Sick folks, feel free to add! This is a live document--a work in progress--I look forward to having other perspectives added. If you need to see this in ASL or another format, let me know. Contributions in other formats are welcome (if you want to talk about it in PM and have me rephrase, or sign your thoughts to me in TASL, I welcome them.)

Added later!

9. Being the Ablesplainer. The Ablesplainer* says: "She was just trying to be nice." "But that's not how I meant it!" "You're too focused on how you feel."

Sick/Disabled people already know how that abled person meant it. We already know that they were just trying to be nice, or kind. Good intentions, good-heart, we get it. We spend our time thinking about "what they meant by that comment" or "their thinking behind that act" all the time. We are forced to think critically about the abled perspective because most people in our life who interact with us interact with us from that perspective.

An Ally says: "That was a dismissive comment to make." "I'm sorry you are frustrated." "That person didn't think about the impact their actions would have on you."

An Ally puts impact before intent. An Ally recognizes that even though someone means well, their words, thoughts, and actions can still have a harmful impact on Sick people. An Ally centers the Sick person's feelings in a discussion about their chronic illness and caregiving. If a Sick person vents about patronizing behavior, an Ally listens to the Sick person and values their feelings. An Ally doesn't make excuses for another abled person's behaviors.

*Ablesplainer (also ablesplanation): the act of an abled person trying to explain Disabled people's experiences to them. It comes from combining the terms abled and 'splaining, constructed parallel to terms like whitesplaining and mansplaining.

10. Being the Newscaster. The Newscaster says: "Oh, they had to get this test done and has that diagnosis and their doctor said this and that." The Newscaster answers all questions about a Sick person's health on the Sick person's behalf without express consent or discernment.

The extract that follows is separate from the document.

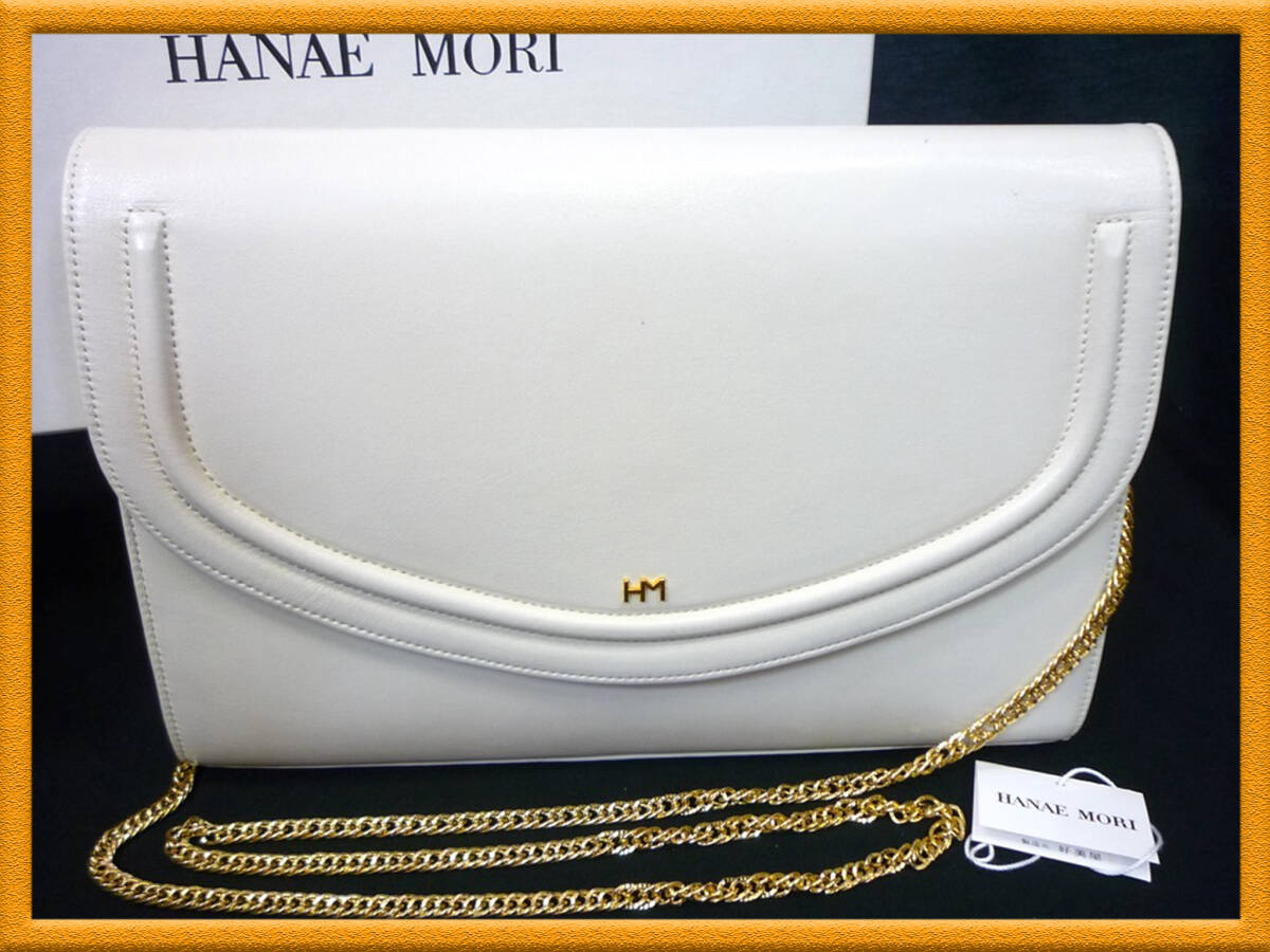 HANAE MORI 森英恵 ハナエモリ チェーン ショルダーバッグ レザー 白 レディース お買得 美品 箱入 高級 エレガント パーティー 結婚式 フォーマル 必見

When some is Sick, particularly when they have to go to the hospital or get some kind of treatment, it's natural for people to be concerned. People want to know this Sick person is doing okay. They want to understand what's wrong and offer help in whatever way possible. The Newscaster is usually acting on this intent, but does not realize that they are not respecting the Sick person's boundaries. They also do not realize that they could be causing a lot of drama for the Sick person, particularly if they share sensitive medical information to people who could make harmful judgments based on this information (for example, an employer deciding to lay off an employee after finding out they're likely to be out for awhile.) 

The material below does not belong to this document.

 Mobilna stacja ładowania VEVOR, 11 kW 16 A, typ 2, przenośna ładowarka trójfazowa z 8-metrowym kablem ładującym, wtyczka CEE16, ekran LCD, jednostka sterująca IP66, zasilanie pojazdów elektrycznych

An Ally says: "They had this test done"--after the Sick person has given express permission to share this medical information. An Ally says: "He doesn't want to go into detail, but suffice it to say he is doing better." An Ally asks the Sick person how much to share, and who can know what information.

An Ally respects the Sick person's boundaries. An Ally respects the Sick person's choices in how much to disclose about their illness and to whom. An Ally prioritizes the Sick person's privacy over others' curiosity. An Ally understands the risk in sharing medical information and treats this information with the respect and care it deserves.